▶ Source material
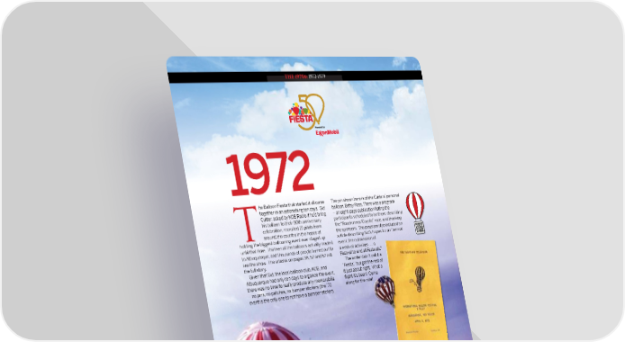 THE 1970s: 1972-1979 11979722 he Balloon Fiesta that started it all came The pin shown here is of the Cutters’ personal together in an astonishing ten days. Sid balloon, Betsy Ross. There was a program Cutter, asked by KOB Radio if he’d bring – an eight-page publication listing the his balloon to their 50th anniversary participants scheduled to be there, describing celebration, recruited 21 pilots from the “Roadrunner/Coyote” race, and thanking Taround the country in the hopes of the sponsors. The program also included an holding the biggest ballooning event ever staged up article describing Sid’s hopes for an “annual until that time. Thirteen of the balloons actually made it event, the culmination of to Albuquerque, and thousands of people turned out to a week of activities . . . a see the show. The articles on pages 36, 52 and 62 tell Festival to end all Festivals.” Festival to end all Festivals.” the full story. The writer didn’t call it a Given that Sid, the local balloon club, KOB, and “Fiesta,” but got the rest of “Fiesta,” but got the rest of Albuquerque had only ten days to organize the event, it just about right. What a there was no time to really produce any memorabilia fl ight it’s been! Come – no pins, no patches, no bumper stickers (the ’72 along for the ride! aaalllooonnnggg fffooorrr ttthhheee rrriiidddeee!!! event is the only one to not have a bumper sticker). ® 34 Albuquerque International Balloon Fiesta
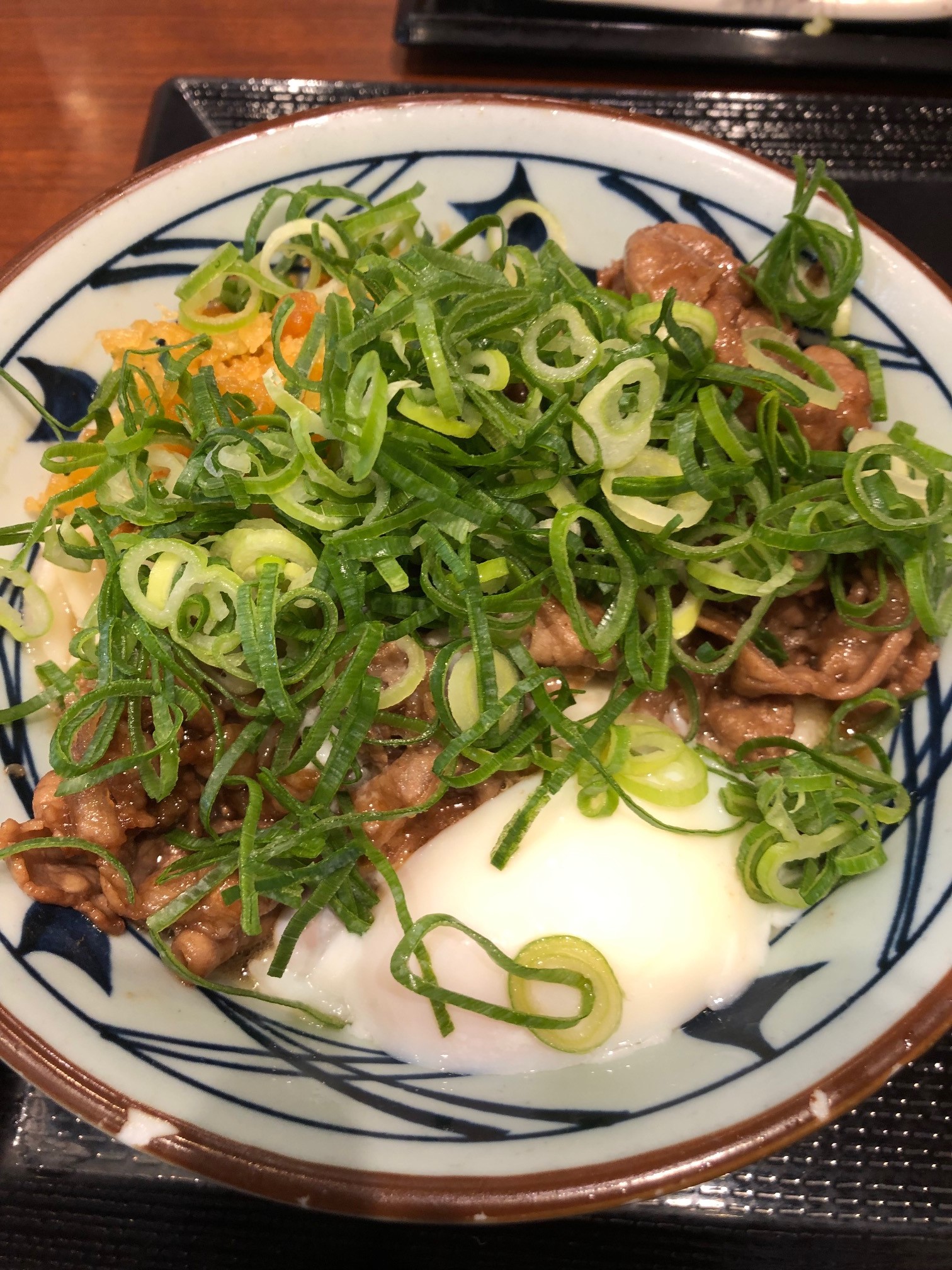 食べたメニューは、期間限定牛とろうどんと天ぷらです~(´▽`)
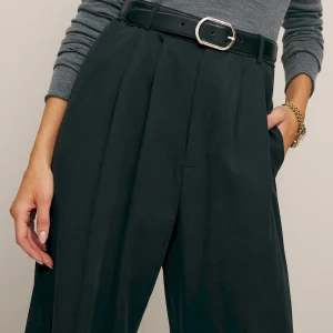 belt loops,finished hem,front buttons,pleated details,side pockets,the mason pant in sugar is slightly sheer,and zipper fly.

▶ Requirement
Print the listing word for word, but omit the pictures.

▶ Solution to the problem
 THE 1970s: 1972-1979 11979722 he Balloon Fiesta that started it all came The pin shown here is of the Cutters’ personal together in an astonishing ten days. Sid balloon, Betsy Ross. There was a program Cutter, asked by KOB Radio if he’d bring – an eight-page publication listing the his balloon to their 50th anniversary participants scheduled to be there, describing celebration, recruited 21 pilots from the “Roadrunner/Coyote” race, and thanking Taround the country in the hopes of the sponsors. The program also included an holding the biggest ballooning event ever staged up article describing Sid’s hopes for an “annual until that time. Thirteen of the balloons actually made it event, the culmination of to Albuquerque, and thousands of people turned out to a week of activities . . . a see the show. The articles on pages 36, 52 and 62 tell Festival to end all Festivals.” Festival to end all Festivals.” the full story. The writer didn’t call it a Given that Sid, the local balloon club, KOB, and “Fiesta,” but got the rest of “Fiesta,” but got the rest of Albuquerque had only ten days to organize the event, it just about right. What a there was no time to really produce any memorabilia fl ight it’s been! Come – no pins, no patches, no bumper stickers (the ’72 along for the ride! aaalllooonnnggg fffooorrr ttthhheee rrriiidddeee!!! event is the only one to not have a bumper sticker). ® 34 Albuquerque International Balloon Fiesta
 食べたメニューは、期間限定牛とろうどんと天ぷらです~(´▽`)
 belt loops,finished hem,front buttons,pleated details,side pockets,the mason pant in sugar is slightly sheer,and zipper fly.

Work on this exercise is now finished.